FIG. 4 is a sectional view similar to FIG. 2 according to another embodiment. FIG. 5 is a vertical sectional view of a conventional example. 6 to 7 relate to a variable resistor for explaining the basic structure of the present invention, FIG. 6 is a vertical sectional view, and FIG. 7 is a sectional view taken along line VII-VII of FIG. 1 …… Variable resistor 2 …… Case 2a, 2b …… Case opening 3 …… Insulating substrate 3a …… Insulating substrate inner surface 3b …… Insulating substrate side 3c …… Insulating substrate outer surface 4 …… Rotating shaft 5 …… Slider 7a …… Storing recess peripheral surface (case inner peripheral surface) 8 …… Resistance pattern 10 …… Flange (rotating shaft lower end) 10a …… Flange peripheral surface (rotating shaft outer peripheral surface) 12: Spring member (elastic body) 12a: Extended end of spring member 13: Recess A: Adhesive S: Thermosetting resin layer

Claims (1)

[Claims] 1. A case (2) having upper and lower openings; an insulating substrate (3) mounted in the case (2) and provided with a resistance pattern (8) on an inner surface (3a) of the case.

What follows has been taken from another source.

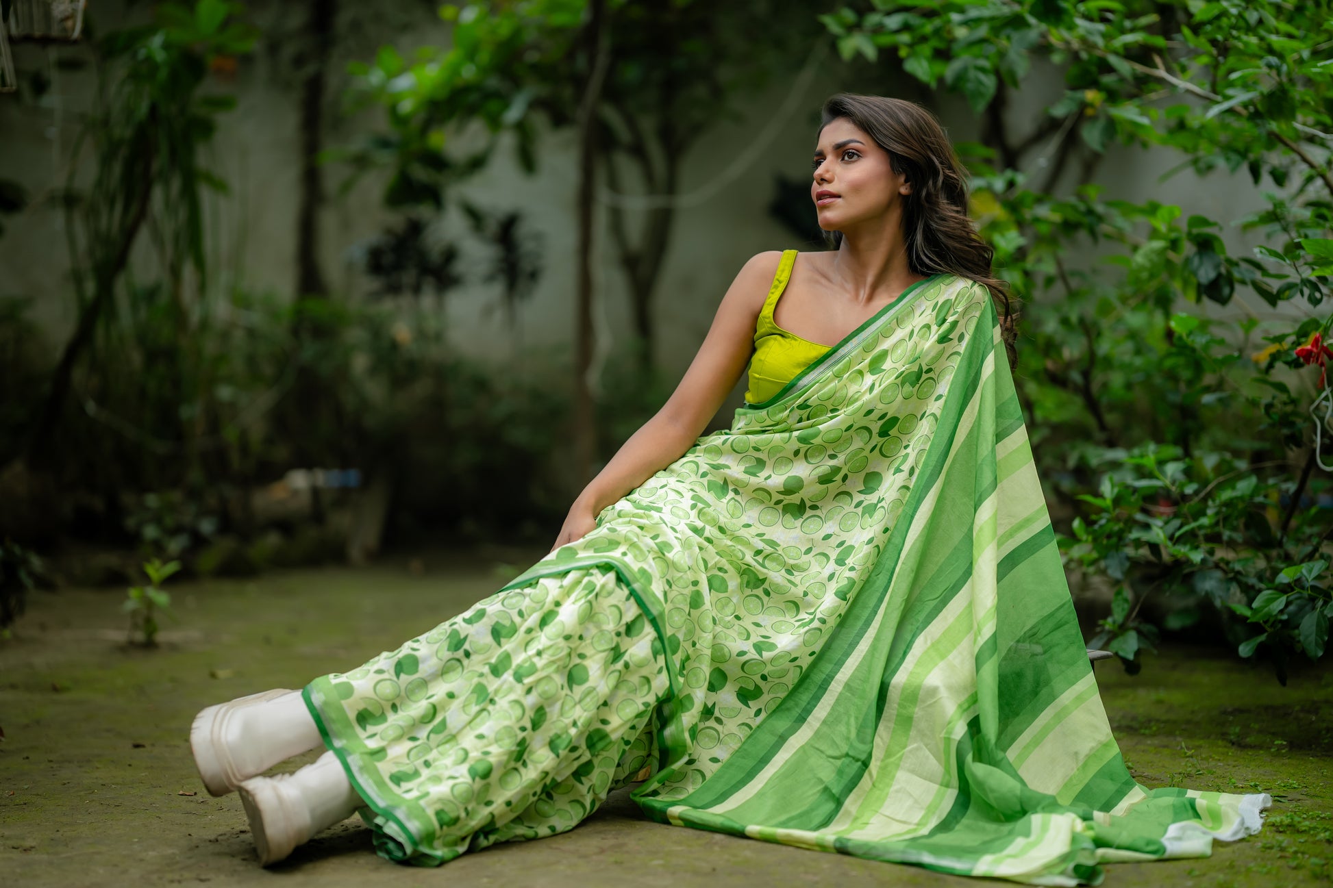Whether you are lounging by the pool, attending a garden party, or simply enjoying a leisurely stroll in the evening, this saree keeps you feeling cool, fresh, and effortlessly chic.Crafted from lightweight fabric, the saree drapes gracefully and allows for easy movement, ensuring comfort even on the hottest of days. Pair it with minimalistic jewellery and sandals for a relaxed yet stylish look.

With the lower end (10) facing the inside of the case (3) and the lower end outer peripheral surface (10a) facing the inner peripheral surface (7a) of the case,
A rotation shaft portion (4) made of resin rotatably attached to the upper opening (2a) of the case (2) and a lower end (10) of the rotation shaft portion (4) are rotatably provided integrally with each other. Slider (5) sliding on the resistance pattern (8)

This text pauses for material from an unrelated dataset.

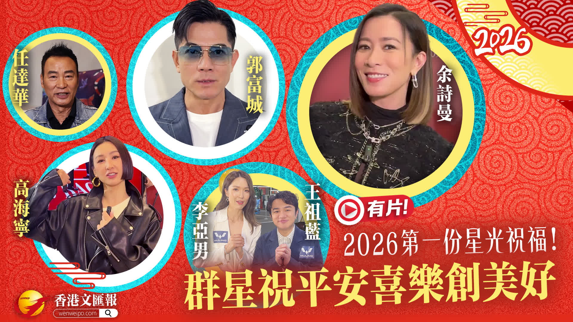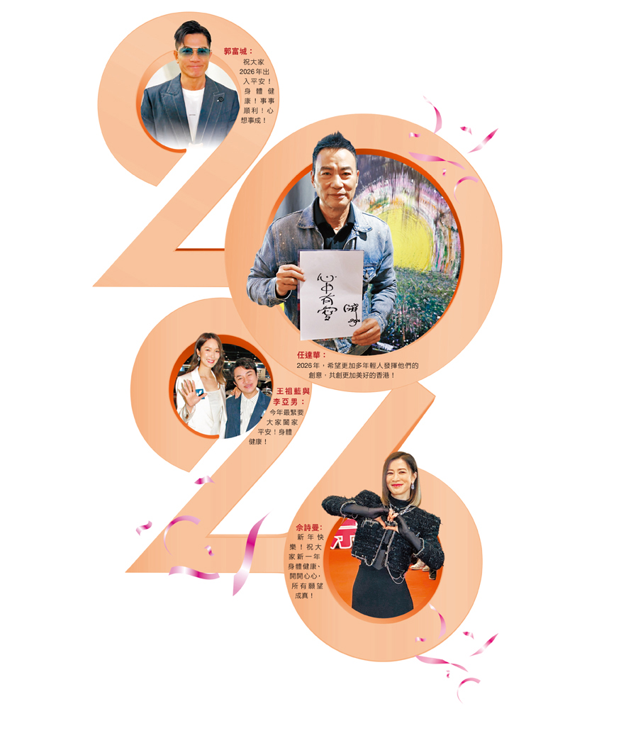 (香港文匯報娛樂組)2026年的新年伊始,30位香港藝人紛紛透過香港文匯報送上誠摯的祝福與願望,帶來滿滿的正能量!他們的心聲既有對個人與家庭的期盼,也包含對社會與世界的美好憧憬。任達華特別揮筆寫上「心中有愛」,寄望年輕人能發揮創意,共建更美好的香港;郭富城、佘詩曼、王祖藍與李亞男等則祝福大家身體健康、事事順利;MC張天賦特別強調「身心」健康的重要。藝人如邵美琪、張曦雯、周嘉洛、周勵淇等更提到世界和平,展現對全球安寧的渴望。部分藝人則將心願寄託於家庭與子女的成長,如陳山聰、蕭正楠等,流露出溫暖的親情。這些祝福凝聚了健康、平安、快樂與和諧的共同願望,象徵着大家對新一年幸福生活的期待,也為2026年揭開充滿希望的序幕!

The rotating shaft portion (4) has an outer peripheral surface (10a) extending in the radial direction, and the extending end (12a) of the rotating shaft portion (4) has an inner peripheral surface (7a) of the case.
An elastic body (12) made of resin that is pressed against the elastic body (1) is provided on the inner peripheral surface (7a) of the case (2).
A recess (13) that elastically engages with the extended end (12a) of 2) is provided. A variable resistor, which is provided at a position on the resistance pattern (8) that does not slide during normal use.